Les Moissons du ciel : critique

Julien Foussereau | 15 février 2006 - MAJ : 16/01/2019 13:56
Julien Foussereau | 15 février 2006 - MAJ : 16/01/2019 13:56

Tourné en 1976, trois ans après La Balade Sauvage, mais sorti en 1979 suite à deux années de remontages successifs, Les Moissons du ciel fut le film qui transforma Terrence Malick en légende vivante. Son appellation « culte » d'origine contrôlée explique certainement pourquoi, vingt ans plus tard, tout le gratin hollywoodien a joué des coudes pour tourner dans La Ligne rouge.

Si le film a autant marqué, c'est en grande partie pour sa photographie inoubliable signée Néstor Almendros et Haskell Wexler (récompensée par un Oscar) magnifiant les grands espaces, essentiellement tournés à l'aube ou au crépuscule, un must see pour tous les chefs op' en devenir. Les travailleurs saisonniers ne sont plus que des ombres, minimisant leur individualité qui ne peut rivaliser avec la beauté de ce monde. Mais le film fut un échec commercial et son austérité y est sans doute pour quelque chose. Comme pour son premier film, Malick multiplie les gros plans d'animaux, superbes, mais pouvant légitimement agacer. Il réemploie une voix off féminine à l'accent nonchalant et indifférent. Cependant, si on le regarde plusieurs fois, on voit apparaître un aspect qui deviendra par la suite la marque de fabrique de son réalisateur : l'importance du mythe.

 

 
Les Moissons du ciel a été pensé comme un retour aux mythes des origines bibliques (sauterelles, feu purificateur) et cinématographiques avec ses clins d'oeil répétés à L'Aurore de Murnau et, plus généralement, à une narration qui a plus en commun avec les films des pionniers que 90% de la production actuelle. Il y a là une évidente nostalgie, mais pas seulement. Ces évocations reflètent la toute puissance de l'image chez le cinéaste, soutenue par Le Carnaval des animaux de Saint-Saëns et ses variations par Ennio Morricone.

Dans la norme actuelle, les images nous sont présentées comme des éléments n'existant que pour former un tout.

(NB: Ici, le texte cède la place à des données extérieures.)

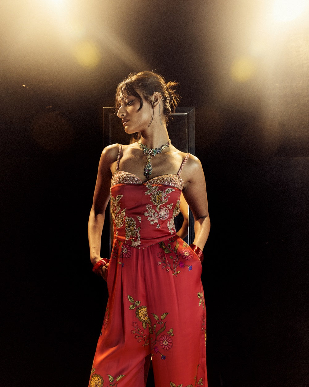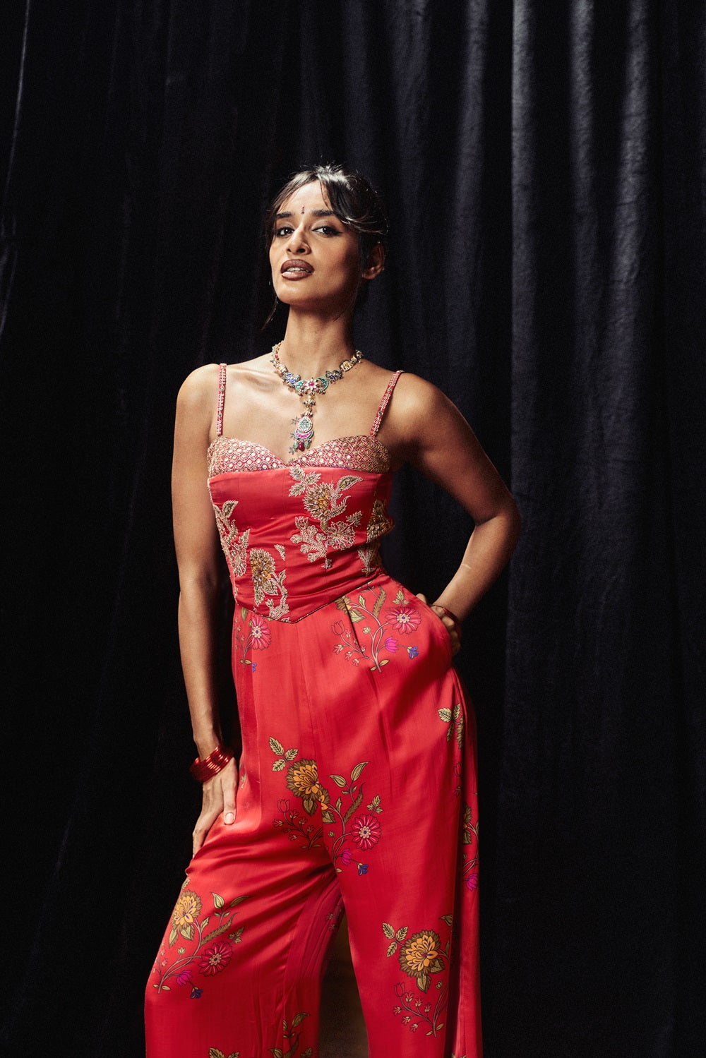 Much Like Its Name, Our Signature Jumpsuit Is A Modern, Refreshing Spin On Classic Silhouettes, Made With Our Young Muses In Mind. A Red floral Jumpuit .This Season, We Step Into Turn To It For A Breezy Pre-Wedding Party Look.
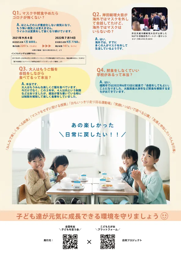 保護者団体が全知事・市区町村長・教育長へ マスクや黙食に対する子どもへのアンケート回答集と質問状を発送

Les Moissons du ciel remet en cause cette définition, il privilégie la beauté et la poésie de son imagerie afin de revenir au cinéma des origines, avant qu'il ne se divise en plusieurs genres et courants (telles les dichotomies entre réalisme et expressionnisme, fiction et documentaire…). Le film s'apprécie d'abord comme un phénomène physique où priment la stupéfaction et l'émerveillement face à la beauté du monde. Avant toute tentative d'interprétation. Ainsi Les Moissons du ciel est à la fois réaliste et impressionniste, il est autant fiction que documentaire si l'on considère le grand soin avec lequel il évoque le travail des saisonniers au début du siècle dernier, à la croisée des chemins entre Murnau et Flaherty. Pourtant, réduire Les Moissons du ciel à un exercice plastique serait une grave erreur.

 

 
Le tour de force de Malick est d'être parvenu à faire de la magnificence du monde rural un enjeu majeur de la fiction, dans la mesure où il suscite la convoitise de Bill qui voit en lui un nouvel éden. Et il est curieux de constater que, pour parvenir à ses fins, il est prêt à duper le Fermier par le mariage avec sa propre femme tout en tablant sur sa mort. Tout comme dans La Balade sauvage, la mort est très présente ici : l'enjeu du film repose sur le décès d'un homme pas beaucoup plus âgé que Bill et Abby.… Loin d'être assimilée à la fin, la mort imminente devient ici un nouveau départ pour le trio en fuite. Il ne faut pas oublier que leur présence dans les champs de blé texans est due à une violente altercation entre Bill et son superviseur dans la fonderie, où ce dernier est tué. Mais on ne construit pas un éden sur la destruction. 

 

 

Comme si la nature tout entière se chargeait de punir la noirceur des hommes à travers l'invasion de sauterelles, abattant une plaie biblique. Et Bill, tout comme Kit, paie de sa vie cette quête obsessionnelle. Les conséquences terribles de sa mort sur Abby font écho au sort du monde quand Abby monte à l'arrière d'un train en marche, aidée par des soldats en route pour le front européen (nous sommes en 1917). Là, le regard empathique qu'Abby porte sur eux est troublant parce qu'il préfigure celui de Witt sur ses congénères dans La Ligne rouge qui mettra un terme à la logique de mort et de destruction présente chez le héros malickien.